Task statement:
From the data that follows, print exactly the lines starting at the one containing "Das liegt am" and ending at the one containing "니켈 도금 \ 아연 도금"; include both of them and nothing more.

Exercise materials:
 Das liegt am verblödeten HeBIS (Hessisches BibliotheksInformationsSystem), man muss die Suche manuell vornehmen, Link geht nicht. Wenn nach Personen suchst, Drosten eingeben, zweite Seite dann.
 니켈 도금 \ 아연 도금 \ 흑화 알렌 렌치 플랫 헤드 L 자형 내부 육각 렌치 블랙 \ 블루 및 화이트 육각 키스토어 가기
---
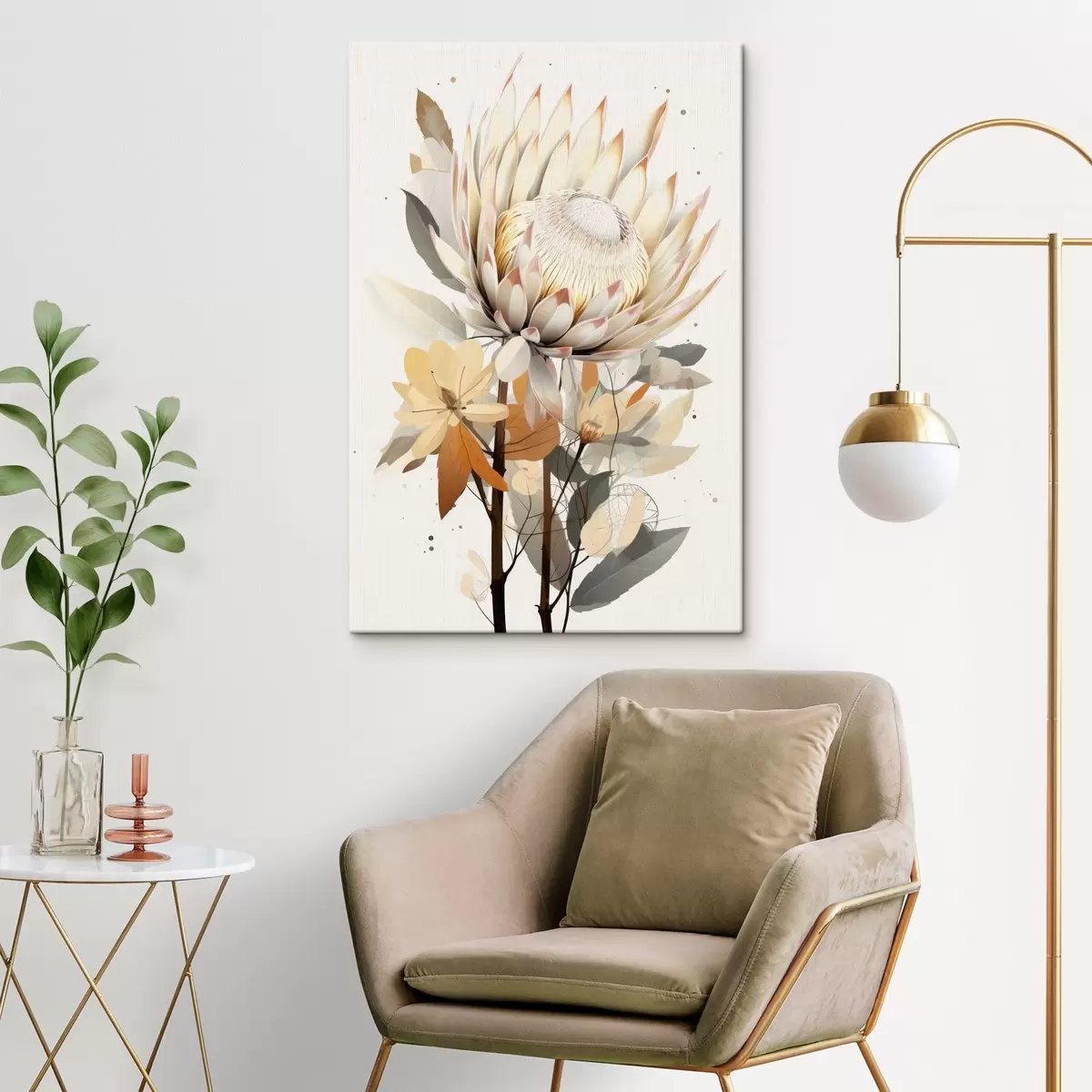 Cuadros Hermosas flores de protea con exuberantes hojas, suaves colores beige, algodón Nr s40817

Task result:
 Das liegt am verblödeten HeBIS (Hessisches BibliotheksInformationsSystem), man muss die Suche manuell vornehmen, Link geht nicht. Wenn nach Personen suchst, Drosten eingeben, zweite Seite dann.
 니켈 도금 \ 아연 도금 \ 흑화 알렌 렌치 플랫 헤드 L 자형 내부 육각 렌치 블랙 \ 블루 및 화이트 육각 키스토어 가기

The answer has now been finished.